Find the area of the region R, enclosed by:
x+2y=0 and x+y^2=3
First let's see where they intersect...
Subtracting the second equation from the first gives
$\displaystyle \displaystyle \begin{align*} x + y^2 - (x + 2y) &= 3 - 0 \\ y^2 - 2y &= 3 \\ y^2 - 2y - 3 &= 0 \\ (y + 1)(y - 3) &= 0 \\ y &= -1 \textrm{ or }y = 3 \end{align*} $
and the corresponding $\displaystyle \displaystyle \begin{align*} x \end{align*} $ values are $\displaystyle \displaystyle \begin{align*} 2\end{align*} $ and $\displaystyle \displaystyle \begin{align*} -6 \end{align*} $ respectively.
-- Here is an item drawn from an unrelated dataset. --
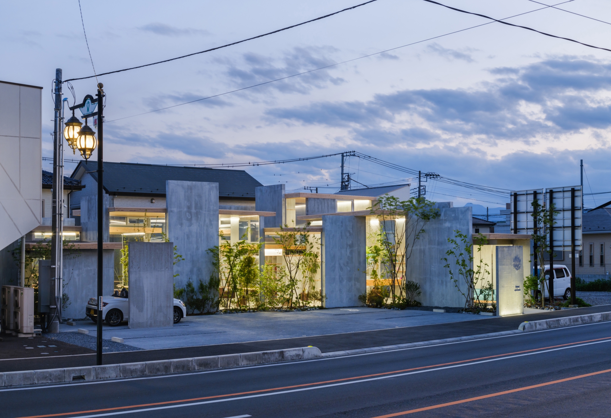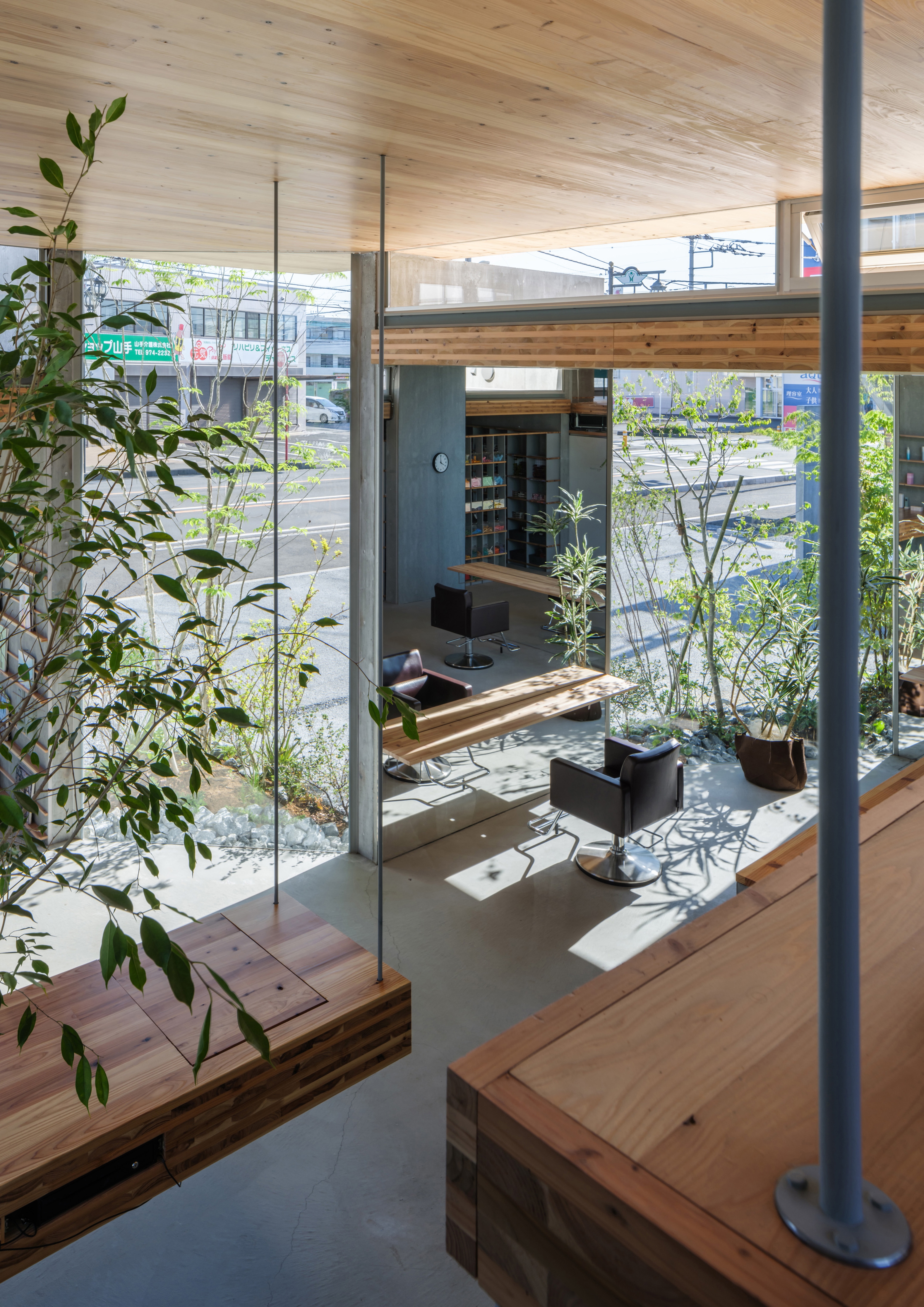 This is the hair salon located on a roadside in rural area famous for wood resources, which needed to be rebuilt due to land readjustment. Against the standardization of the city landscape, we created walls and roofs consisting of small active elements (mirrors, wooden counters) in the cutting space of hair salon. On top of that, the scenery of the past and present, greenery, CLT made from local woods and things were overlaped in multiple layers through the reflection of mirrors. We created the natural architecture regardless of design or use that visualizes the charm of city and hair salon.

Now, if we decide to use horizontal strips, they are bounded on the left by the line $\displaystyle \displaystyle \begin{align*} x = -2y \end{align*} $ and they are bounded on the right by the curve $\displaystyle \displaystyle \begin{align*} x = 3 - y^2 \end{align*} $. When we sum all these strips, they are bounded below by $\displaystyle \displaystyle \begin{align*} y = -1 \end{align*} $ and bounded above by $\displaystyle \displaystyle \begin{align*} y = 3 \end{align*} $.
So the double integral is
$\displaystyle \displaystyle \begin{align*} \int_{-1}^3{\int_{-2y}^{3 - y^2}{\,dx}\,dy} &= \int_{-1}^3{\left[x\right]_{-2y}^{3-y^2}\,dy} \\ &= \int_{-1}^3{\left(3 - y^2\right) - (-2y)\,dy} \\ &= \int_{-1}^3{3 + 2y - y^2\,dy} \\ &= \left[3y + y^2 - \frac{y^3}{3}\right]_{-1}^3 \\ &= \left[3(3) + 3^2 - \frac{3^3}{3}\right] - \left[3(-1) + (-1)^2 - \frac{(-1)^3}{3}\right] \\ &= \left(9 + 9 - 9\right) - \left(-3 + 1 + \frac{1}{3}\right) \\ &= 9 - \left(-\frac{5}{3}\right) \\ &= \frac{32}{3} \end{align*} $
Now why not try using vertical strips to see if you get the same answer?